Distances between different cell types

Dear Scanpy team,

I would like to ask you a question about computing the distances between different cell types. I would like to get the numerical estimate of how close cells of a particular type are to each other. For example, I have cells that come from different labs and would like to estimate the gene expression similarities between them for all genes, or at least for highly variable ones.

One solution could be to compute the dim. reduced representation of data and then compute the distances.

import scanpy as sc

normalize the data

adata.layers[“counts”] = adata.X.copy() # preserve the counts
sc.pp.normalize_total(adata, target_sum=1e4, exclude_highly_expressed=True)

scale the data

sc.pp.scale(adata, max_value=10)

freeze raw counts

adata.raw = adata #freeze the state in .raw

highly variable genes selection

sc.pp.highly_variable_genes(adata, n_top_genes=2000, subset=False, layer=“counts”, flavor=“seurat_v3”)
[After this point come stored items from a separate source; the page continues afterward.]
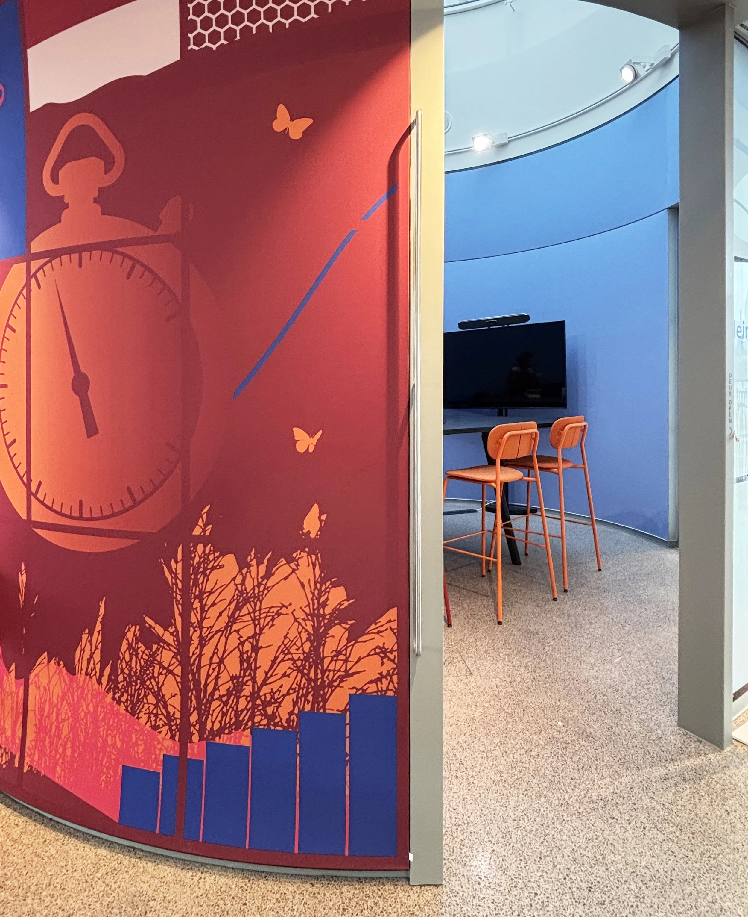 The existing cylindrical meeting rooms have been re-cladded with specially designed visuals by Odilo Girod.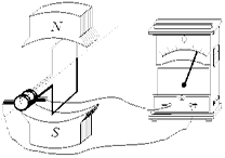 如图所示,矩形线圈abcd在匀强磁场中沿逆时针方向匀速转动,可产生交流电.当线圈转到图示位置时,电流表指针偏向右方,当线圈由图示位置继续转动,下列说法中正确的是 ( )![]()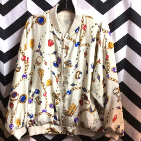 Bomber jacket, zip-up, crown/jewels & chain print, creme/gold/red/blue

sc.tl.pca(adata, svd_solver=‘arpack’,n_comps=100)

neighbours graph

sc.pp.neighbors(adata, n_pcs=100)

compute UMAP


My question is, how could I compute the median distance between cells that have different observations. For example, I have cells with obs[‘cell_type’]==‘type_1’ and obs[‘cell_type’]==‘type_2’. How could I compare the distance between type_1 and type_2 cells?


You could consider using PAGA connectivities for this analysis. PAGA evaluates how much more connected two clusters are than expected at random. Distances on low dimensional embeddings can be difficult to interpret, however as PAGA uses the kNN graph directly, this might be a better representation.